Я почувствовала, как он напрягся, когда сказала:
– Отец говорил, ты давал показания.
Эфраим был выше меня ростом, но всего на пару дюймов; его широко расставленные голубые глаза смотрели на происходившее внизу поверх моей макушки. Он пожал плечами и нарочито бесстрастно ответил:
– Я рассказал им, что видел.
Им. Пятерым мужчинам. Просто группе городских старейшин, включая моего отца, которые собрались прошлой ночью обсудить, что делать с таким человеком, как Билли Крейн.
От этой мысли я вздрогнула. Меня они на собрание не пустили.
Поляна опустела, и я в панике принялась высматривать своих родителей. Их нигде не было видно.
– Надо возвращаться, а то они узнают, что ты привел меня сюда.
Эфраима это, похоже, не тревожило.
– Пока еще нет, – сказал он. – Подождут.
Я собиралась было запротестовать, и тут он кивнул в сторону подножия холма. Какой-то человек в черной одежде двинулся наверх, к нам. Он шел вверх по склону большими целеустремленными шагами, и, как только я его узнала, я напряглась.
– Что он здесь делает?
Эфраим не ответил. Вместо этого он встал между нами так, чтобы частично скрыть меня в тени под деревом, и пожал руку пришедшему.
– Джозеф. Спасибо, что пришел.
– А как же иначе. – Джозеф Норт был молод и красив; несмотря на его сдержанные слова, я заметила, что он раскраснелся от волнения.
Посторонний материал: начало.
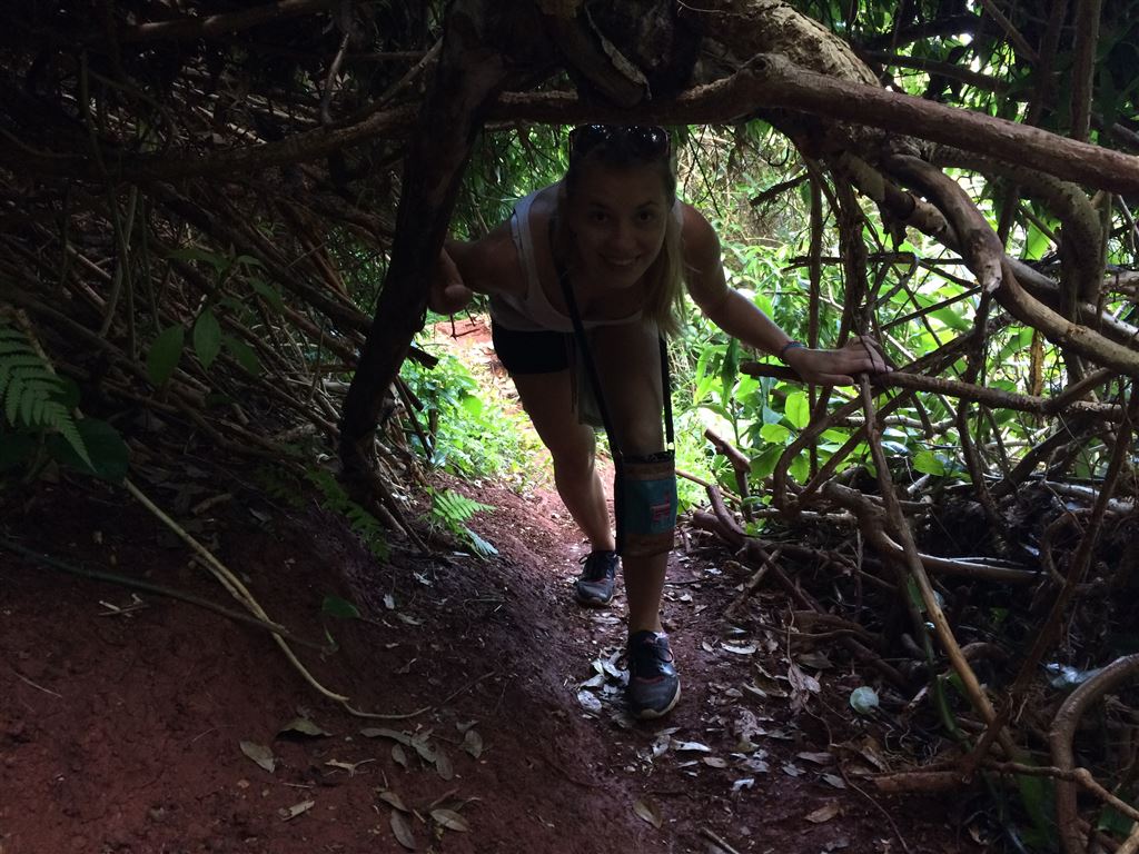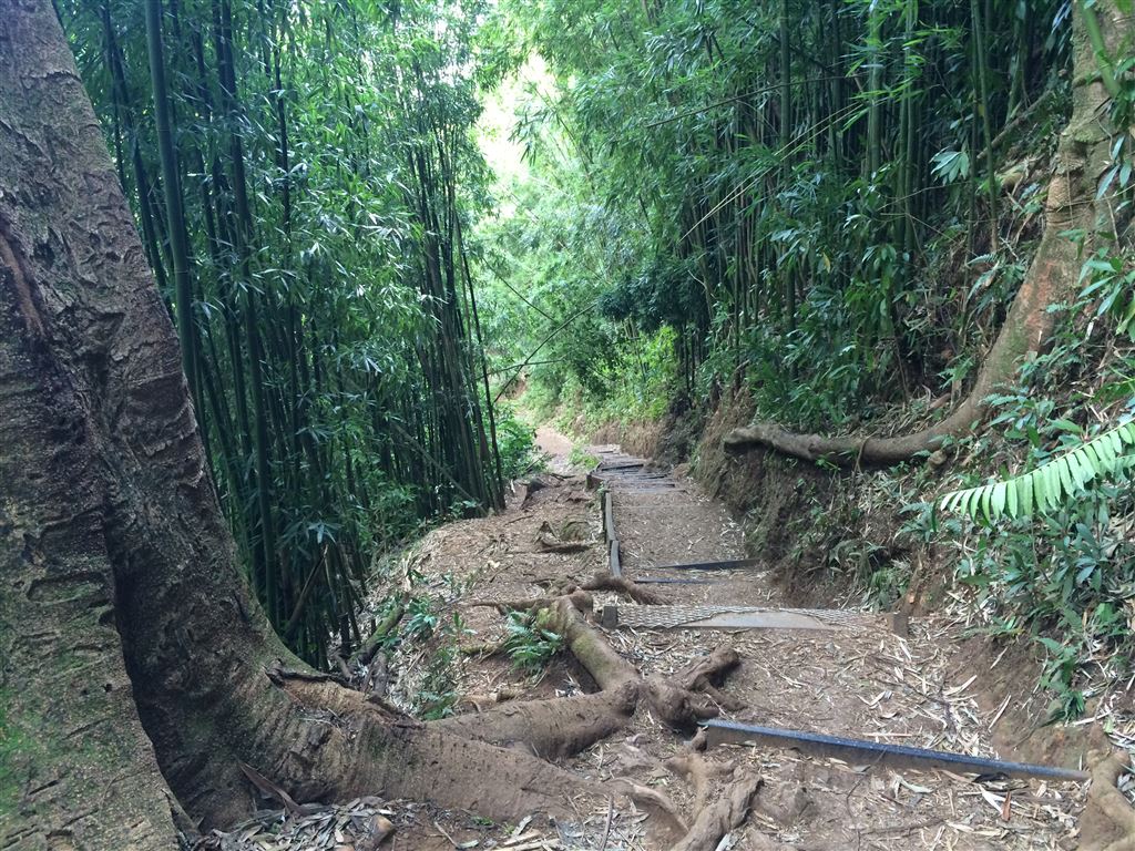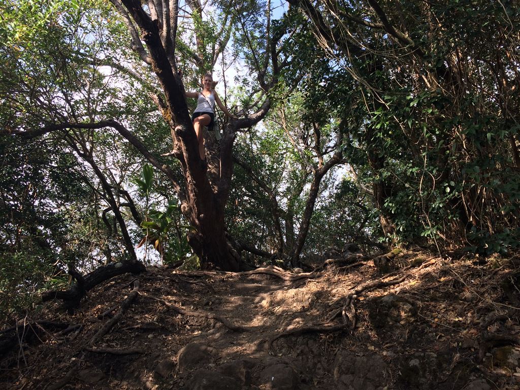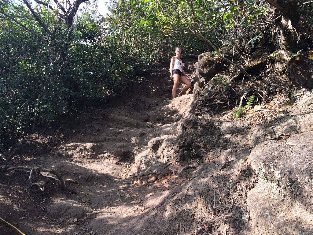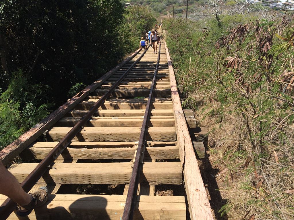Am nächsten Tag hatten wir einen wahrlichen Wander-Marathon vor uns. Da wir insgesamt wenig Zeit für Hawaii hatten, wir aber so viele schöne Wanderungen fanden, versuchten wir 3 Wanderungen an einem Tag unterzubringen. Unsere erste Wanderung ging über ultra steile Bahnschienen einen Berg hoch. Der erste Anblick war eher mäßig motivierend 😉

Именно Норт подал решающий голос, определивший судьбу Крейна. – Я все еще нужен тебе сегодня вечером?
– Да. – Эфраим взглянул на солнце, оценивая его положение в небе. – Давай в четыре. Обязательно захвати документы. Хочу, чтобы все было официально.
– Ты меня вовремя поймал. С утра я выезжаю в полк. Мы выступаем на Форт-Босежур. Нам приказано вытеснить местных из Акадии.
Бросив последний задумчивый взгляд на Эфраима, он кивнул мне, приподняв шляпу.
– Марта.
Потом Джозеф Норт развернулся и направился вниз по холму. Когда он уже не мог нас слышать, я отошла от Эфраима и с подозрением уставилась на него.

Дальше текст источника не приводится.